- Exercise description
Word for word, repeat the records, leaving every picture behind.

Data records:
──────────────────────────────

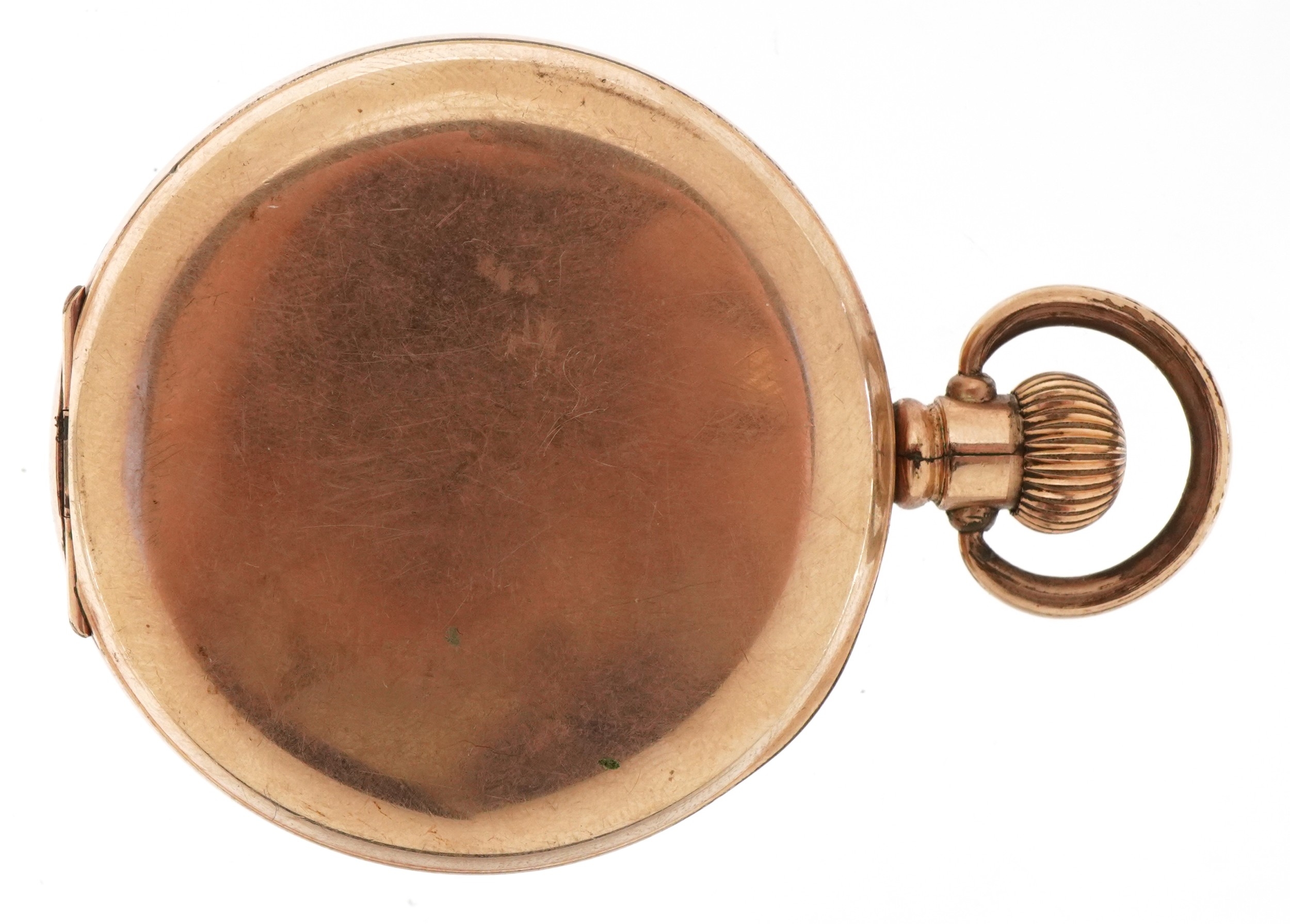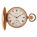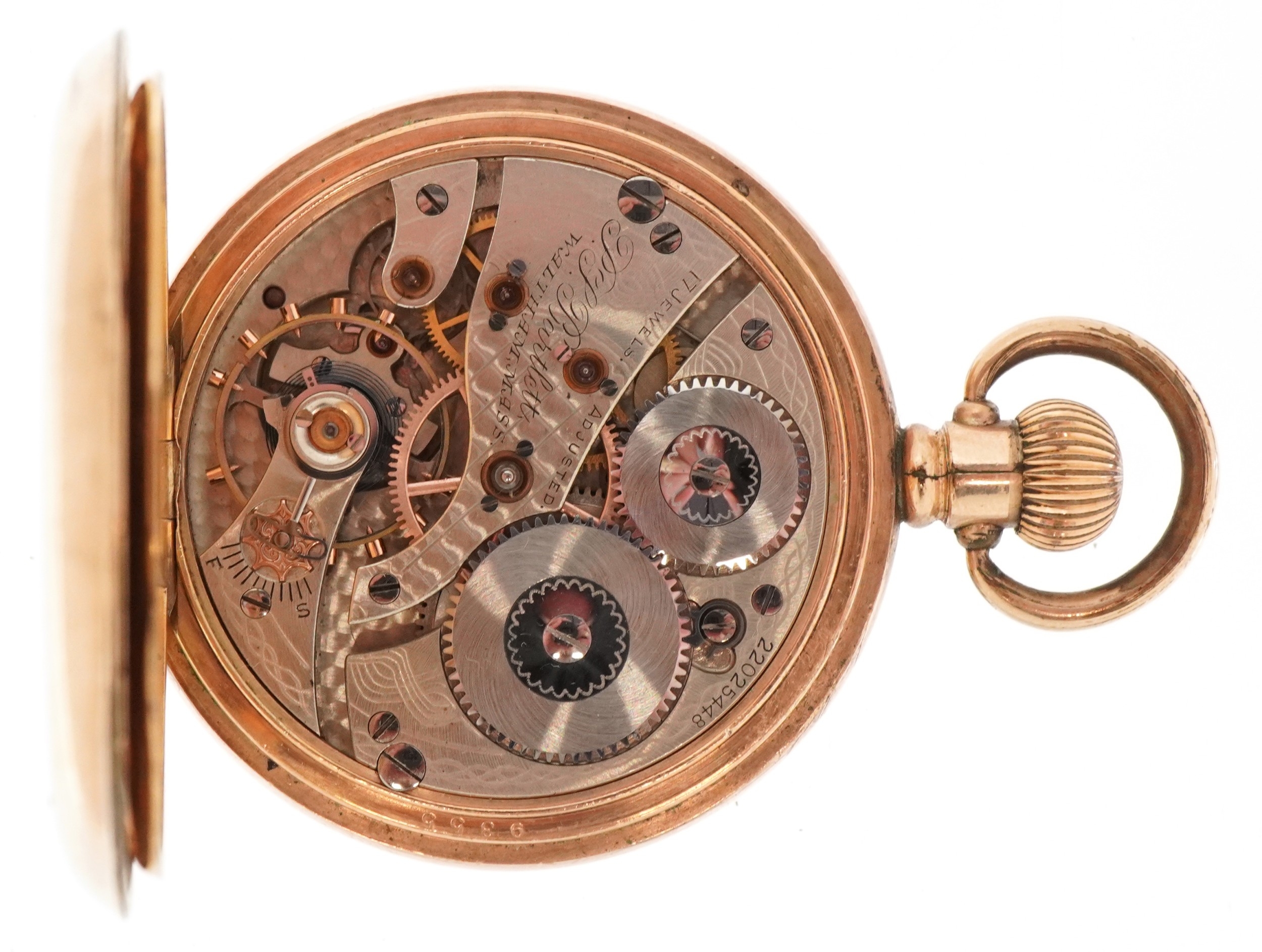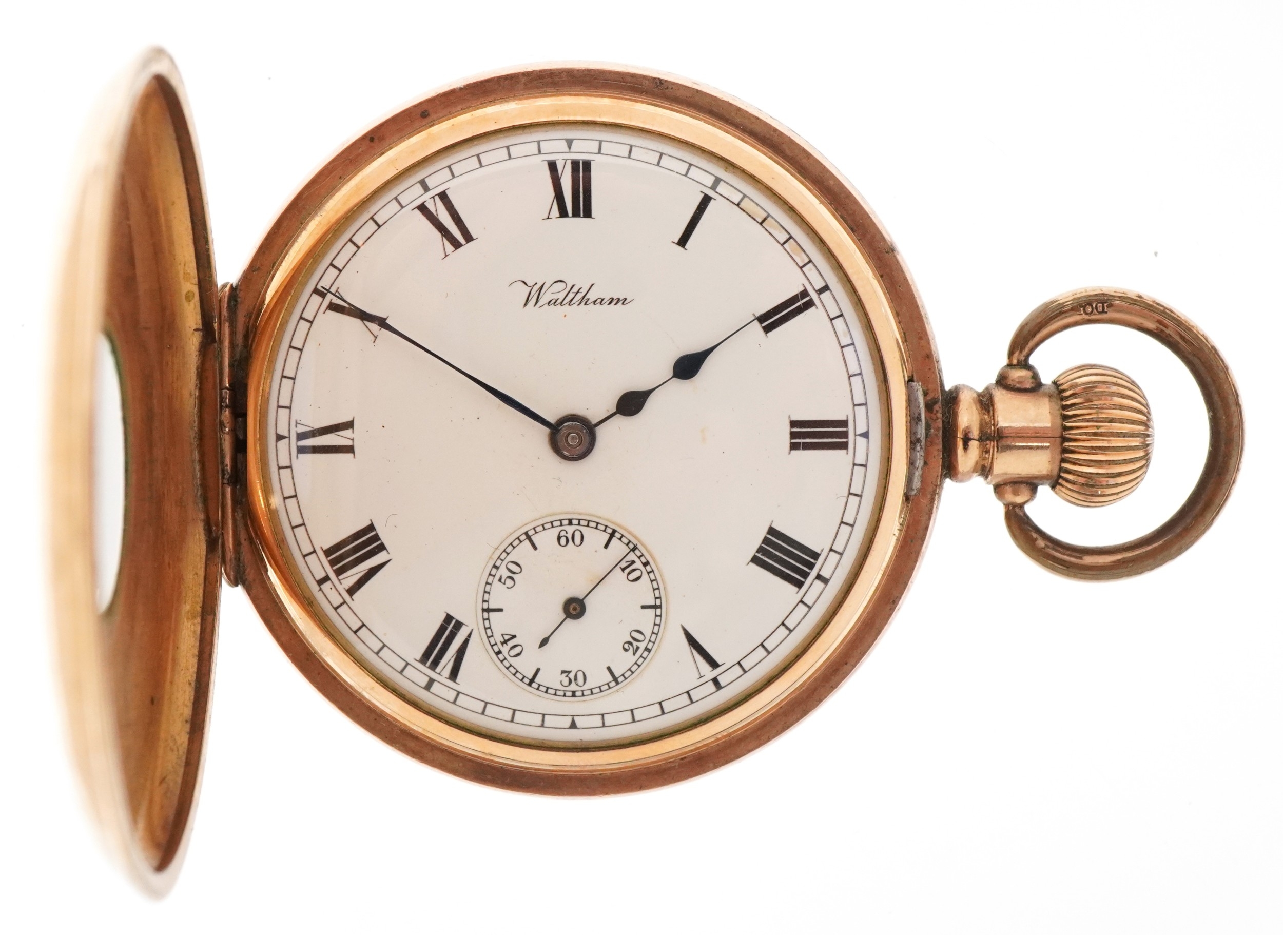 Waltham, a gentlemen's gold plated half hunter top wind pocket watch having enamelled dial with Roman numerals, the movement numbered 22025448, 50mm in diameter.
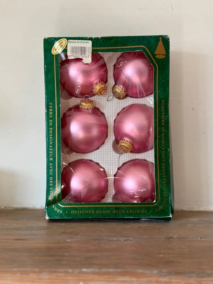 Krebs glass ornaments vintage pink rose gold matte satin blown glass Christmas decoration decor 1970s 1980s 1990s traditional elegant
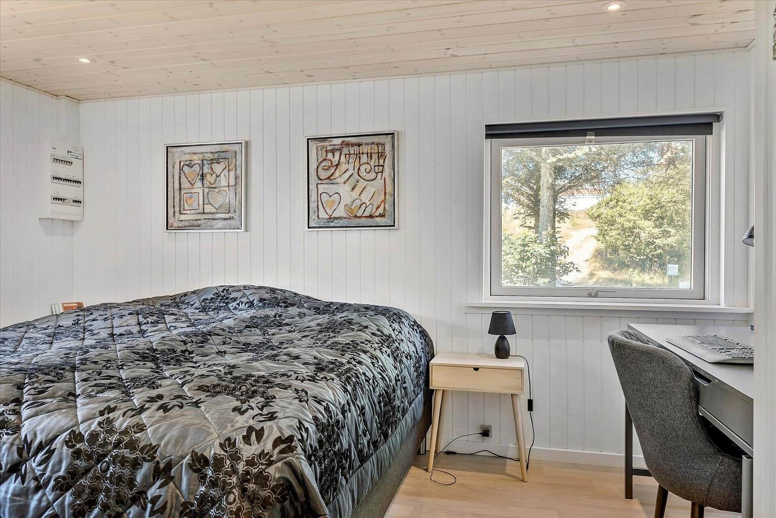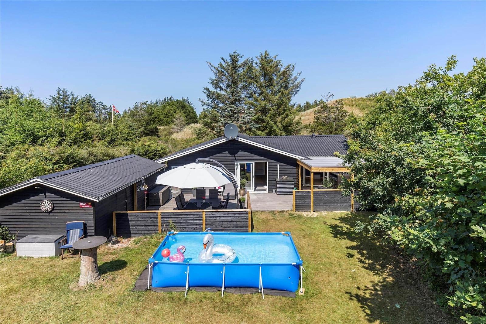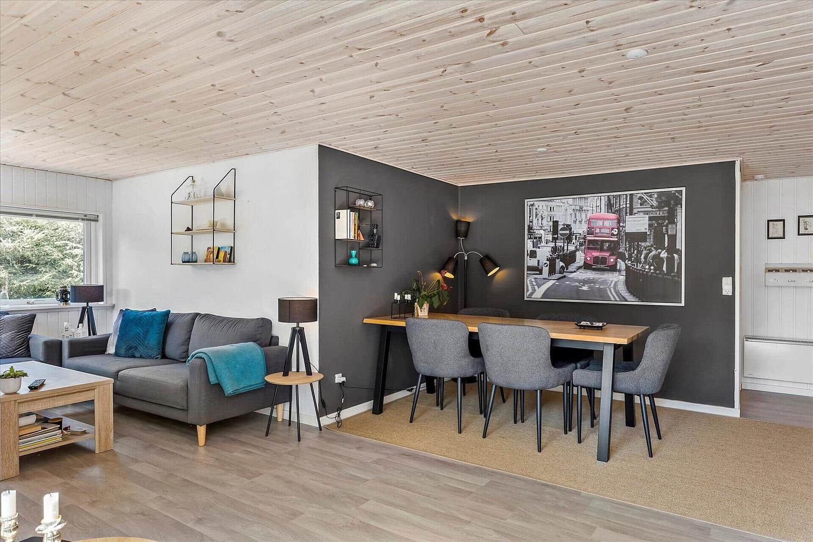 In der Ferienwohnung in Blokhus Strand og By, Nordjütland, finden bis zu 6 Erwachsene Platz. Auf 95 m² erstrecken sich 4 Schlafzimmer, darunter 2 Doppelbetten, 2 Einzelbetten und ein Kinderbett. Das Wohnschlafzimmer bietet eine Schlafcouch für zusätzlichen Komfort. Die Unterkunft verfügt über ein modernes Duschbad und eine voll ausgestattete Küche, die mit Geschirrspüler, Elektro-/Gasherd, Backofen, Mikrowelle, Kühlschrank und Kaffeemaschine ausgestattet ist. Ein Kinderhochstuhl steht ebenfalls zur Verfügung. Für entspannte Abende sorgt ein Kamin, während die Fußbodenheizung und das energieeffiziente Heizen für behagliche Wärme sorgen. Zudem stehen Internet mit WLAN, ein TV, eine Waschmaschine, ein Wäschetrockner und ein Wasserkocher zur Verfügung. Der nächste Strand ist nur 1.350 Meter entfernt und Einkaufsmöglichkeiten sind in 1.150 Metern erreichbar.
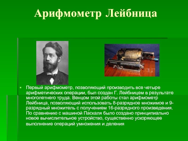Г. Лейбницем в результате многолетнего труда. Венцом этой работы стал арифмометр Лейбница, позволяющий использовать 8-разрядное множимое и 9-разрядный множитель с получением 16-разрядного произведения. По сравнению с машиной Паскаля было создано принципиально новое вычислительное устройство, существенно ускоряющее выполнение операций умножения и деления
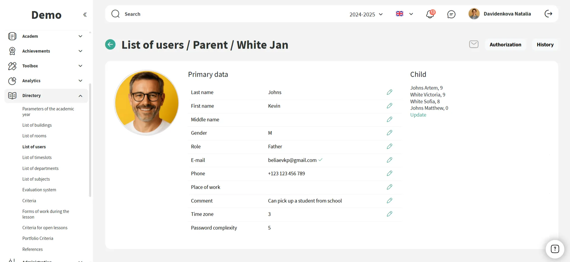 Um ou mais pais podem ser vinculados à conta do aluno. Um único pai pode visualizar as informações de vários filhos. Essas informações ficam disponíveis para professores e mentores, apoiando a família em todas as etapas da educação.
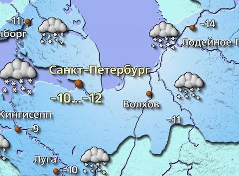 Погода в Санкт-Петербурге на 14 января В Санкт-Петербурге облачно, небольшой снег. Температура воздуха −10…−13°, в Ленинградской области −9…−14°. Ветер южной четверти 4–9 м/с. Атмосферное давление будет […]
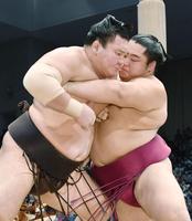 遠藤に敗れ引き揚げる白鵬=福岡国際センター
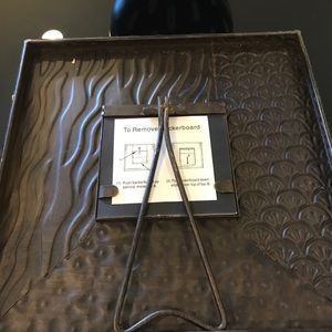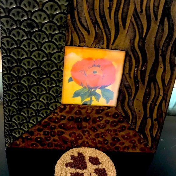 Pretty flower on metal. Can be hung on wall or set on counter or table top. I have so enjoyed it but have changed my colors.
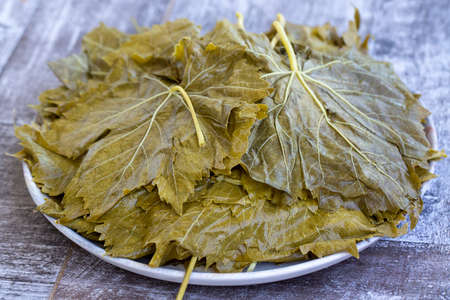 Pickled grape leaves close-up. Grape leaves for preparation of traditional oriental dishes and snacks on counter of oriental bazaar (Pickled Leaf)
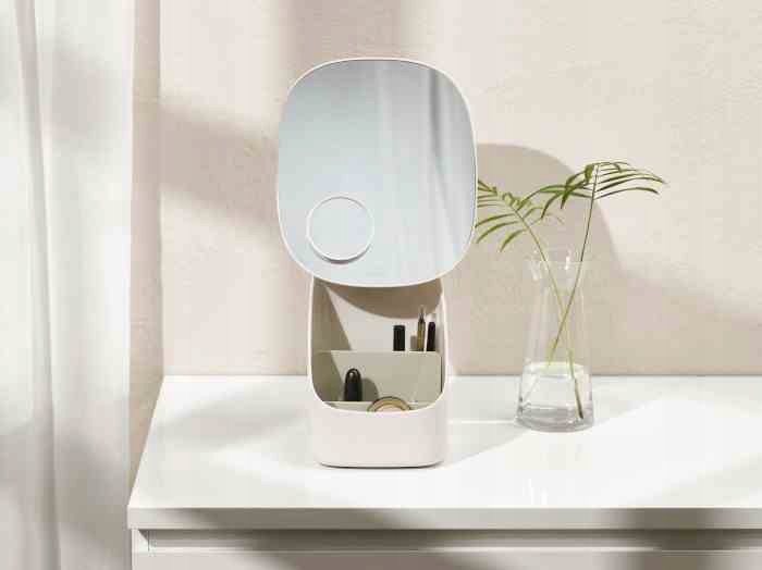 - органайзер для косметики с двумя зеркалами; целое состоит из большого и маленького зеркала и контейнера для косметики
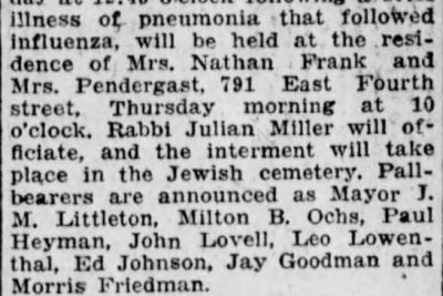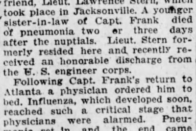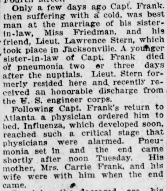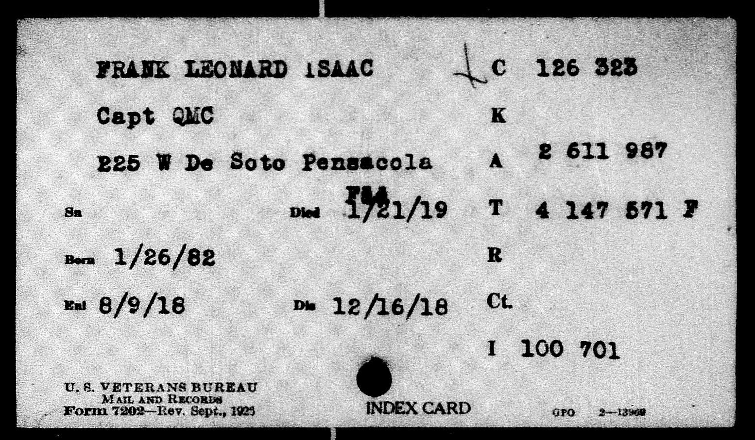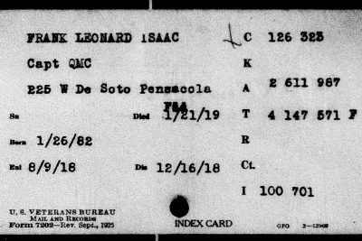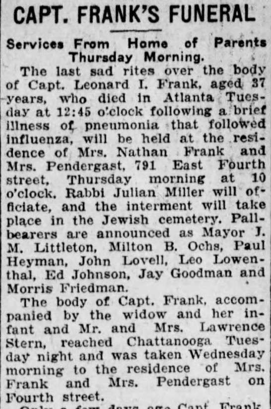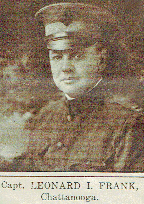 Leonard Isaac Frank was born in 1882 in Chattanooga, Tennessee to Nathan and Carrie Frank. He was married to Miriam Friedman and father of Leonard Isaac Frank Jr. He served as a Commisioned Officer in the US Army. He died at Fort Oglethorpe, Georgia of pneumonia and influenza.

──────────────────────────────

- Your response
 Waltham, a gentlemen's gold plated half hunter top wind pocket watch having enamelled dial with Roman numerals, the movement numbered 22025448, 50mm in diameter.
 Krebs glass ornaments vintage pink rose gold matte satin blown glass Christmas decoration decor 1970s 1980s 1990s traditional elegant
 In der Ferienwohnung in Blokhus Strand og By, Nordjütland, finden bis zu 6 Erwachsene Platz. Auf 95 m² erstrecken sich 4 Schlafzimmer, darunter 2 Doppelbetten, 2 Einzelbetten und ein Kinderbett. Das Wohnschlafzimmer bietet eine Schlafcouch für zusätzlichen Komfort. Die Unterkunft verfügt über ein modernes Duschbad und eine voll ausgestattete Küche, die mit Geschirrspüler, Elektro-/Gasherd, Backofen, Mikrowelle, Kühlschrank und Kaffeemaschine ausgestattet ist. Ein Kinderhochstuhl steht ebenfalls zur Verfügung. Für entspannte Abende sorgt ein Kamin, während die Fußbodenheizung und das energieeffiziente Heizen für behagliche Wärme sorgen. Zudem stehen Internet mit WLAN, ein TV, eine Waschmaschine, ein Wäschetrockner und ein Wasserkocher zur Verfügung. Der nächste Strand ist nur 1.350 Meter entfernt und Einkaufsmöglichkeiten sind in 1.150 Metern erreichbar.
Г. Лейбницем в результате многолетнего труда. Венцом этой работы стал арифмометр Лейбница, позволяющий использовать 8-разрядное множимое и 9-разрядный множитель с получением 16-разрядного произведения. По сравнению с машиной Паскаля было создано принципиально новое вычислительное устройство, существенно ускоряющее выполнение операций умножения и деления
 Um ou mais pais podem ser vinculados à conta do aluno. Um único pai pode visualizar as informações de vários filhos. Essas informações ficam disponíveis para professores e mentores, apoiando a família em todas as etapas da educação.
 Погода в Санкт-Петербурге на 14 января В Санкт-Петербурге облачно, небольшой снег. Температура воздуха −10…−13°, в Ленинградской области −9…−14°. Ветер южной четверти 4–9 м/с. Атмосферное давление будет […]
 遠藤に敗れ引き揚げる白鵬=福岡国際センター
 Pretty flower on metal. Can be hung on wall or set on counter or table top. I have so enjoyed it but have changed my colors.
 Pickled grape leaves close-up. Grape leaves for preparation of traditional oriental dishes and snacks on counter of oriental bazaar (Pickled Leaf)
 - органайзер для косметики с двумя зеркалами; целое состоит из большого и маленького зеркала и контейнера для косметики
 Leonard Isaac Frank was born in 1882 in Chattanooga, Tennessee to Nathan and Carrie Frank. He was married to Miriam Friedman and father of Leonard Isaac Frank Jr. He served as a Commisioned Officer in the US Army. He died at Fort Oglethorpe, Georgia of pneumonia and influenza.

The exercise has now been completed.